In an accompanying editorial, Joel S. Finkelstein, MD, from Massachusetts General Hospital in Boston, notes that the trial was well conducted, but the results leave many questions unanswered in large part due to study limitations. A subgroup analysis of women who largely adhered to the protocol suggested that calcium with vitamin D supplementation reduces the risk for hip fracture.
"It seems reasonable to recommend that women consume the recommended daily levels of calcium and vitamin D through diet, supplements, or both," Dr. Finkelstein writes. "But one message is clear: calcium with vitamin D supplementation by itself is not enough to ensure optimal bone health. Clinicians and patients should be aware that even if a woman is receiving adequate calcium with vitamin D supplementation, she may still be at risk for fracture, particularly if she has low bone mineral density or other clinical risk factors."
Dr. Finkelstein has disclosed no relevant financial relationships.
In an additional analysis from the randomized, double-blind, placebo-controlled trial described above, the incidence of pathologically confirmed colorectal cancer was the designated secondary outcome. A nested case-control study also determined baseline levels of serum 25-hydroxyvitamin D.
"Higher intake of calcium and vitamin D has been associated with a reduced risk of colorectal cancer in epidemiologic studies and polyp recurrence in polyp-prevention trials," write Jean Wactawski-Wende, PhD, and colleagues from the WHI Investigators. "However, randomized-trial evidence that calcium with vitamin D supplementation is beneficial in the primary prevention of colorectal cancer is lacking."
Invasive colorectal cancer developed in 168 women assigned to calcium plus vitamin D supplementation and in 154 women assigned to placebo (HR, 1.08; 95% CI, 0.86 - 1.34; P = .51). Tumor characteristics, frequency of colorectal-cancer screening, and abdominal symptoms were similar in both groups. There were no significant treatment interactions with baseline characteristics.
"Daily supplementation of calcium with vitamin D for seven years had no effect on the incidence of colorectal cancer among postmenopausal women," the authors write. "The long latency associated with the development of colorectal cancer, along with the seven-year duration of the trial, may have contributed to this null finding.
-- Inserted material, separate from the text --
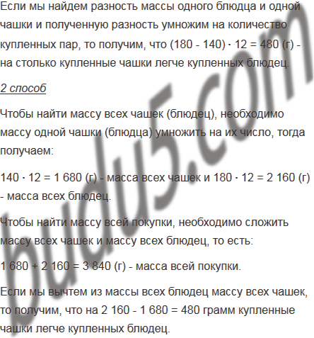 Масса чашки 140 г, а масса блюдца 180 г. Купили 12 чашек с блюдцами. Сколько весит эта покупка? На сколько купленные чашки легче купленных блюдец?

Ongoing follow-up will assess the longer-term effect of this intervention."
Study limitations include high baseline intakes of calcium with vitamin D; calcium and vitamin D doses used may have been insufficient to demonstrate a protective effect; a high fraction of participants not fully adherent throughout the study; the protocol did not require participants to undergo bowel examinations; timing of administration of the intervention; and the length of follow-up.
"These results do not provide support for the general use of calcium plus vitamin D supplementation to prevent colorectal cancer," the authors conclude.
In an accompanying editorial, Michele R. Forman, PhD, and Bernard Levin, MD, from the University of Texas M.D. Anderson Cancer Center in Houston, note the differences between women in this study and those in the Third National Health and Nutrition Examination Survey, and they recommend additional research.
"The conclusion of Wactawski-Wende et al. about the role of calcium plus vitamin D supplementation in the prevention of colorectal cancer needs to be interpreted in the light of the complexities of the WHI study and the probability that the doses of these substances may have been too low to achieve the desired effect," Drs. Forman and Levin write.
The editorialists have disclosed no relevant financial relationships.